Ms. Quillen, who was raised Catholic, remembered him springing into action on another occasion. “There were boys in the yard making detrimental remarks about Catholics,” she said, “and he beat them up, because his cousins were Catholic. My mother was delighted.”

Of course, even Superman needed his Fortress of Solitude.

“Steve’s room was a wondrous place for me, though I was forbidden to go into it on my own,” his brother William recalled in an essay written for City Room, “A Little Brother Remembers.” Penalties for unauthorized entry included being chased around the house, Ms. Kadziel remembered. But once inside that sanctum: oh, the wonders.

Suspended by wires from a sky-blue ceiling were a dozen or so warplane models that Steve had made and painted. A large work bench accommodated his many interests: hamsters, handicrafts and scientific experimentation. Or at least as much experimentation as the housekeeper, Pearl Belue, would tolerate. “It would sometimes stink up the house,” his cousin William said.

Comic books are what Ms. Quillen remembered, since she and Steve devoured them by flashlight — giggling under the covers — on a visit in October 1960.

As any youngsters would, she and her brother tried to steal one last glance at their cousin’s bedroom after his funeral. “Steve’s room was a magnet for the two of us,” Mr. Baltz said. “I walked into the room. And that was the one time I thought Stan was going to whack me. Nobody was allowed to go in there.”

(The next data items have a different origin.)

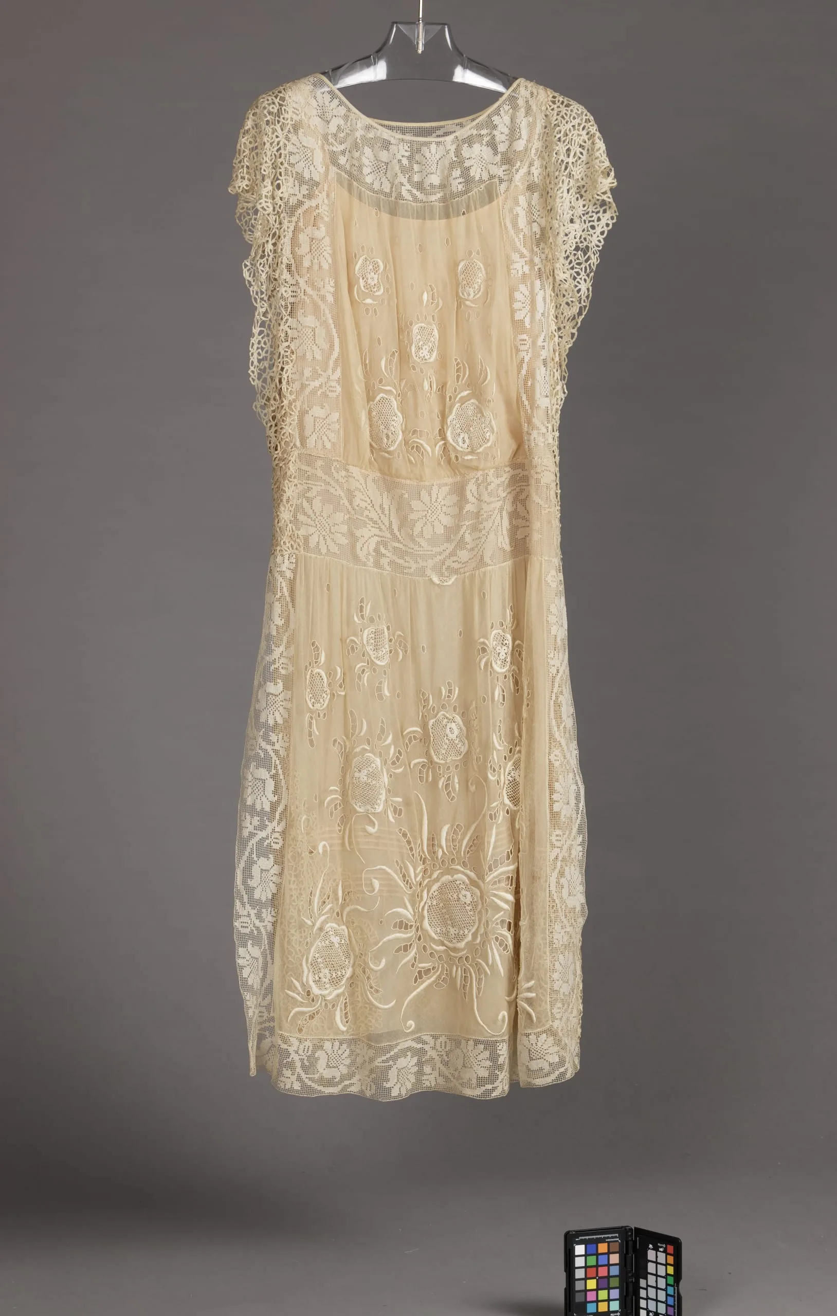 - Silk plain weave (chiffon) with cotton thread embroidery, linen lace, and silk plain weave (crepe)
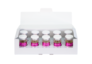 In fiool 1: exosomen uit de Centella Asiatica-plant en groeifactor Regecapil (P4aa), vitamines, aminozuren en mineralen samen met Acetyl s-Carrot Tetrapeptide-1 Amide (een slim bouwsteentje dat huid en haar beschermt.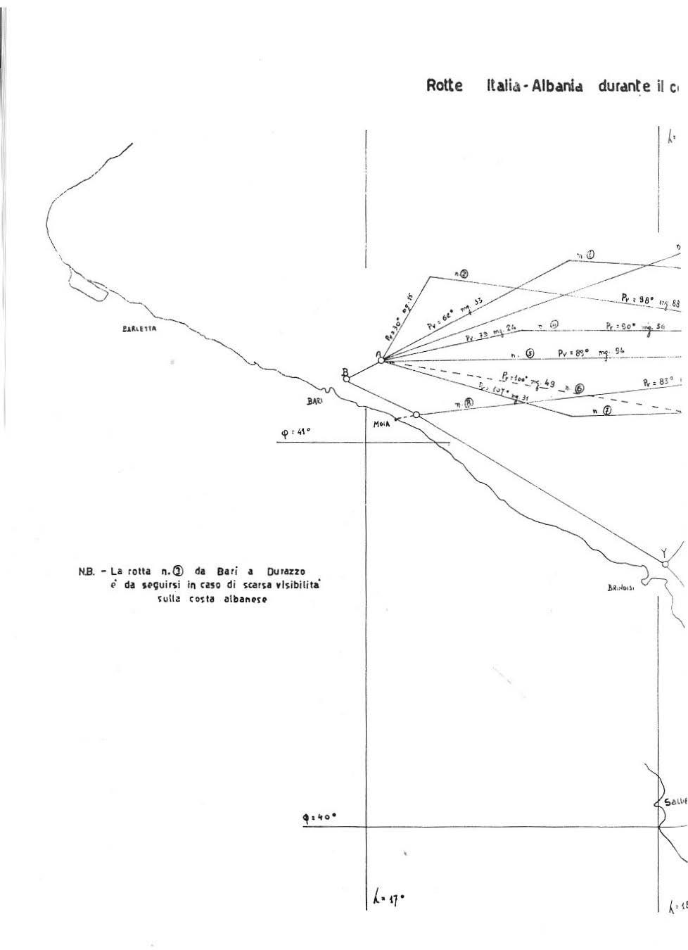 nella parte riguardante le comunicazio ni co n l'Albania, che dovevano essere mantenute in servizio le segue nti linee regolari: postale Brindisi-Durazzo postale Brindisi-Valon a trasporto nafta alba n ese Valona-Bari trasporto minerali albanesi Dura zzo -Bari e altri porti della P enis ola.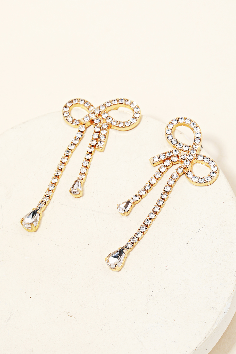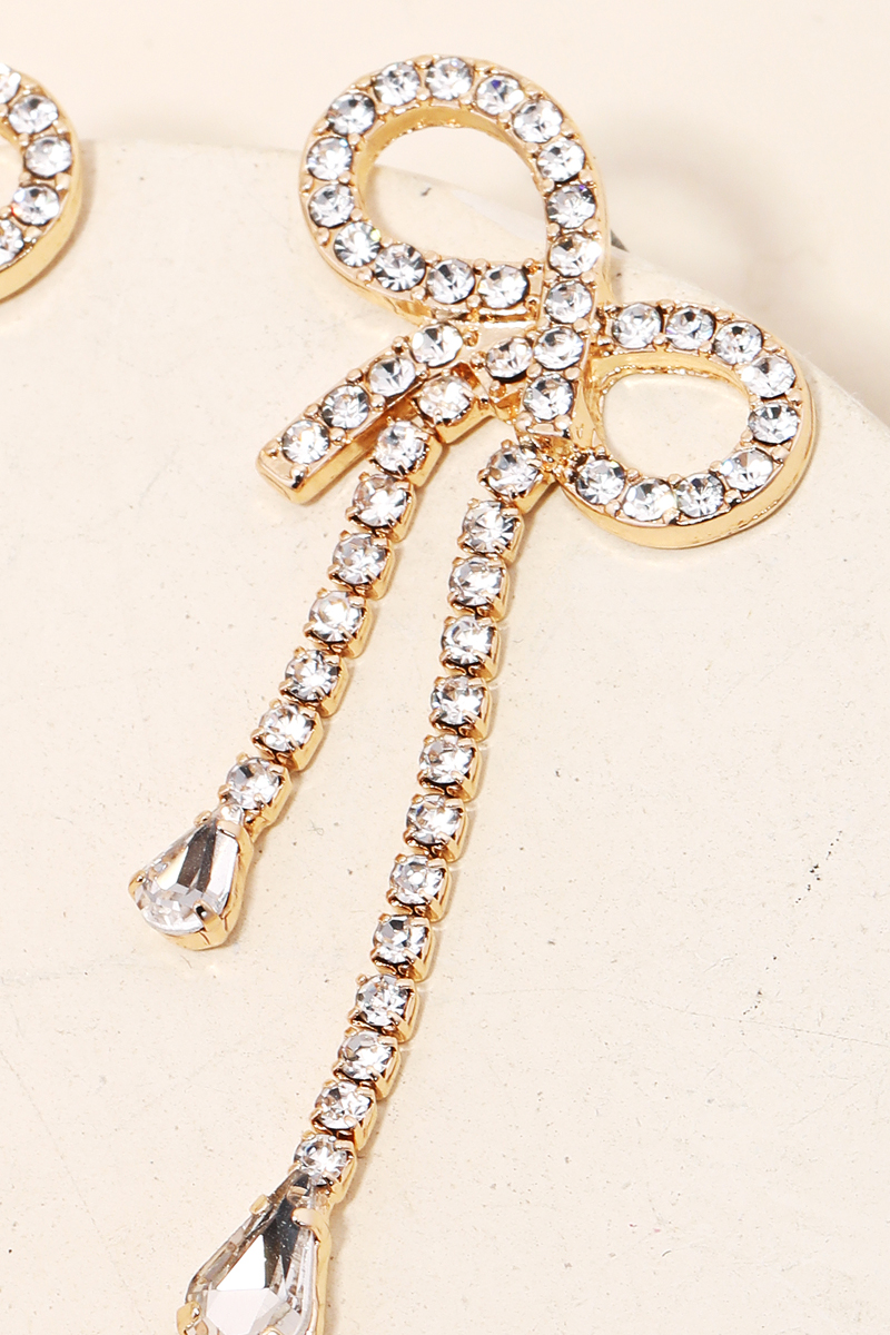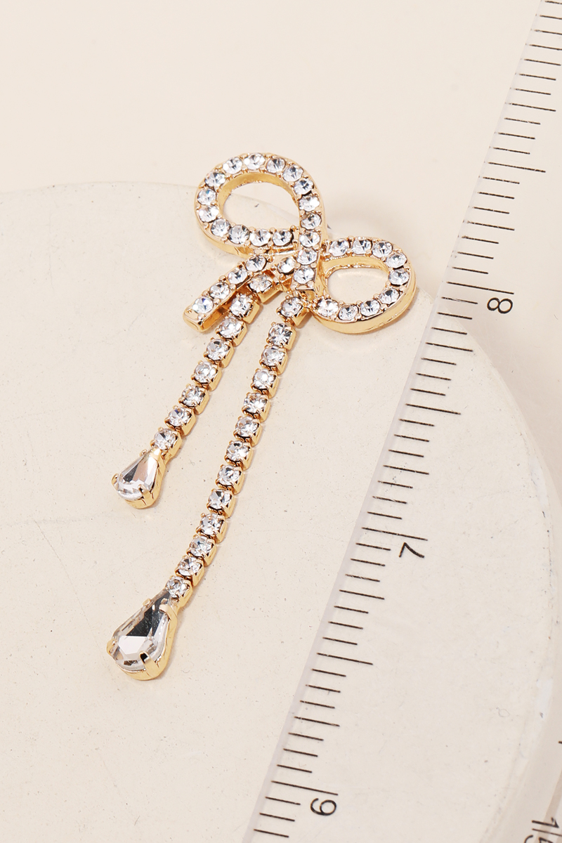 • A must-have addition to any pair of drop earrings collection, this pair of drop earrings embodies a sophisticated pave ribbon bow design. Master the art of accessorizing with this versatile pair of drop earrings, a key element for achieving a chic and polished look. Available in GD, RD. This item is sold in packs of 1.

Untouched and off limits, Steve’s bedroom embodied an indelible sense of loss. Steve’s father, who never truly recovered, died in 1996. “It was my mom who comforted me and talked to me,” Ms. Kadziel said. “My mom would, gradually through the years, be my guardian angel.” Mrs. Baltz died in 2000.

Steve’s brother once asked his mother if she and her husband had ever fought about what happened that day.

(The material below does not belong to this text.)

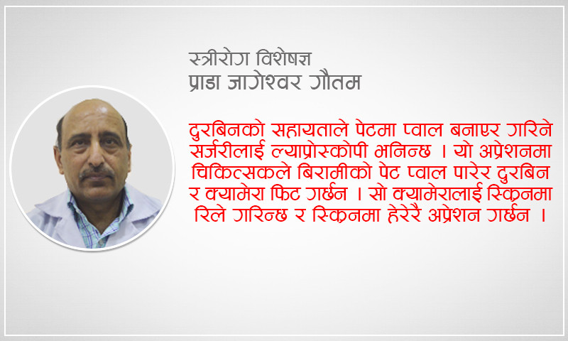दुरबिनको सहायताले पेटमा प्वाल बनाएर गरिने सर्जरीलाई ल्याप्रोस्कोपी भनिन्छ । यो अप्रेशनमा चिकित्सकले बिरामीको पेट प्वाल पारेर दुरबिन र क्यामेरा फिट गर्छन । सो क्यामेरालाई स्क्रिनमा रिले गरिन्छ र स्क्रिनमा हेरेरै अप्रेशन गर्छन । यस्तो बेला पेटमा ५ देखि १० मिलिमिटरको प्वाल पारिने स्त्री रोग विशेषज्ञ डा. जागेश्वर गौतमको भनाइ छ । यो अप्रेशन प्रविधिका फाइदा र बेफाइदा बारे डा. गौतमको केही सुझाव यस्तो छ ।

“Just once,” Mrs. Baltz told him. “Your dad blew up and said to me if only I had not insisted on Steve seeing my parents in New York. And I answered, if only you hadn’t changed the flight. That was it. We never fought about it again.”

Who would want even to think about it again? Or field inquiries every year from reporters, descendants of those who had mobbed the family at Steve’s funeral and camped out around the Baltz house for days.

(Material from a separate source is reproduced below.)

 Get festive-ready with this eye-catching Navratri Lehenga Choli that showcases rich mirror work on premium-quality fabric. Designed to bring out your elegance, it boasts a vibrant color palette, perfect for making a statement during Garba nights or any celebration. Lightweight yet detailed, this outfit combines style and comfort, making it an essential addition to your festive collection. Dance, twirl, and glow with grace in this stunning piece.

His relatives were not eager to hear from The New York Times. But when I said I hoped to convey something of Steve’s life before the crash, they responded generously, with a hope of their own: that this anniversary will be the last they have to share him with the public.

Steve told his fellow fifth graders in May 1960 that he planned to be an F.B.I. man, a corporate lawyer or an engineer on the “Canadian Continental Railway.” He would then retire in his late 60s or early 70s.

His siblings and cousins haven’t reached that age yet, but the time is approaching. And with that comes one last aspiration, expressed by Ms. Quillen as she relived the night with the comic books and the flashlights.

“I’m looking forward to seeing Steve some day and having another giggle with him.”